Art Weekly: Spring Blooms, Provocative Paintings, and Forgotten Masters
Art Weekly: Spring Blooms and Provocative Exhibitions

Art Weekly Dispatch: Floral Exhibitions and Provocative Masterpieces

This week in the art world heralds the arrival of spring with a grand survey of botanical influence, alongside provocative abstract paintings and a deep dive into Japanese printmaking. From Oxford to London and Manchester, galleries are showcasing diverse exhibitions that explore how plants shaped history, the boundaries of erotic abstraction, and the legacy of iconic artists.

Exhibition of the Week: In Bloom at the Ashmolean Museum

In Bloom: How Plants Changed Our World opens at the Ashmolean Museum in Oxford from 19 March to 16 August. This exhibition features lovely flower paintings, including a detail from Orchids by Sir Lawrence Alma Tadema, on loan from a private collection in the USA courtesy of the Richard Green Gallery in London. However, the show reveals that all is not as it seems, delving into how science, trade, and historical tulip crazes have profoundly shaped the modern world. It offers a unique perspective on the intersection of art, botany, and global commerce.

Also Showing This Week

Alexis Ralaivao presents paintings that provocatively hover between abstraction and fleshy erotica at Pilar Corrias in London, running until 23 May. Meanwhile, Beneath the Great Wave at the Whitworth Art Gallery in Manchester, from 14 March to 15 November, gives the Turner and Constable treatment to Japanese print masters Hokusai and Hiroshige, offering a fresh perspective on their iconic works.

Other notable exhibitions include Seth Price's video installation at Sadie Coles HQ in London, from 17 March to 2 May, exploring themes from cave paintings to the digital revolution. Additionally, Swords of Lucknow at the Wallace Collection in London, until 22 March, provides a last chance to view shimmering 18th and 19th-century blades from Lucknow's court.

Image of the Week: Art Activism and Environmental Risks

Performance artist Zack Mennell waded into British waterways to highlight sewage pollution and societal labels on benefit claimants, metaphorically becoming "the parasite." However, their activism took a literal turn when they contracted Weil's disease from rat urine in the water. This incident underscores the real-world dangers artists face when addressing environmental and social issues through their work.

Key Art World Insights

This week, we learned that world heritage sites in Iran have been damaged by US-Israeli bombing, and the European Commission may cut funding for the Venice Biennale if Russia is included. The Deutsche Börse photography prize spans from real prison life to invented facts, while a new show on George Stubbs is criticized for being too small. Other highlights include the V&A's redesigned Gilbert Galleries, David Hockney's nature vision optimized for phones, and the rediscovery of painter Harold 'the Kangaroo' Thornton's extraordinary life. The Sydney Biennale blends politics with nuance, beauty, and heart.

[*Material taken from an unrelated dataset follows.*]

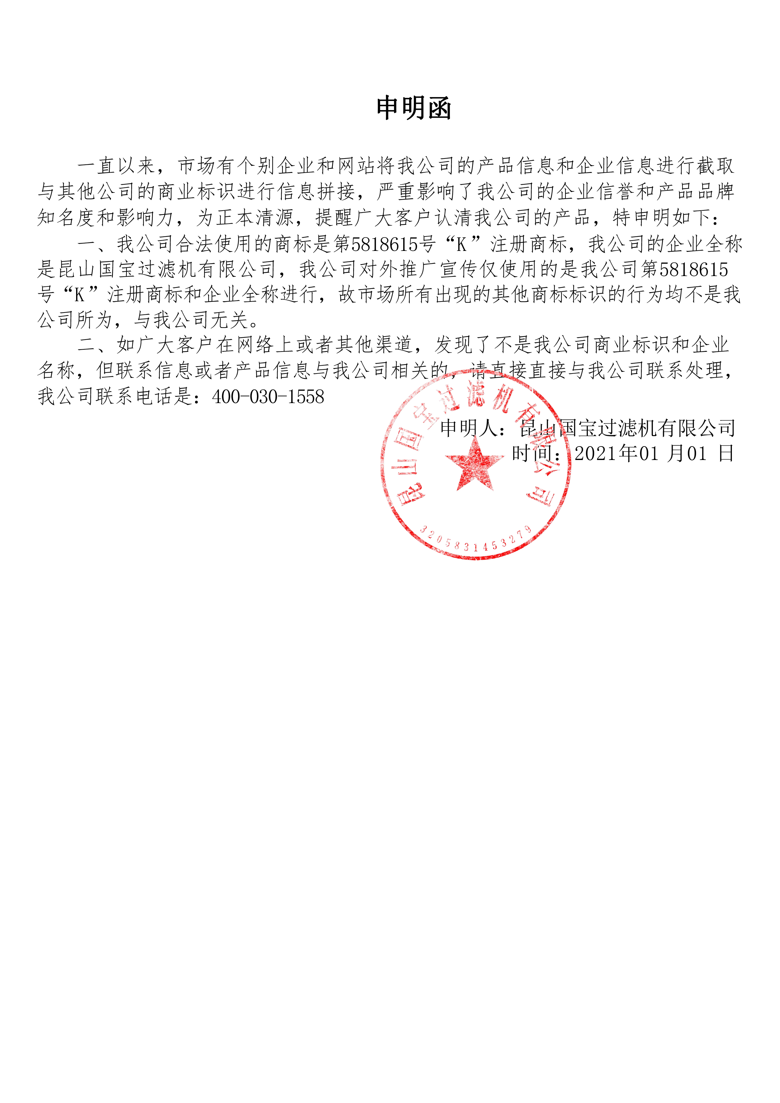 一、我公司合法使用的商標是第5818615號“K”注冊商標,我公司的企業(yè)全稱是昆山國寶過濾機有限公司,我公司對外推廣宣傳僅使用的是我公司第5818615號“K”注冊商標和企業(yè)全稱進行,故市場所有出現(xiàn)的其他商標標識的行為均不是我公司所為,與我公司無關。

Masterpiece of the Week: A Bowl of Flowers by Marie Blancour

A Bowl of Flowers, painted in the 1650s by Marie Blancour, is her only known work and is currently held at the National Gallery in London. This 17th-century French artist demonstrates remarkable talent, with tulips, a daffodil, a poppy, and other blooms rendered in flamboyant, flowing sheets of colour. The painting delivers intense hits of yellow, red, and variegated white and pink, embracing the baroque style's spectacular curvaceous theatre. On a modest scale, Blancour explores bold aesthetic ideas with a blazing paintbrush, raising questions about her identity, the fate of her other works, and why this rare piece by an early modern female artist is not currently on display.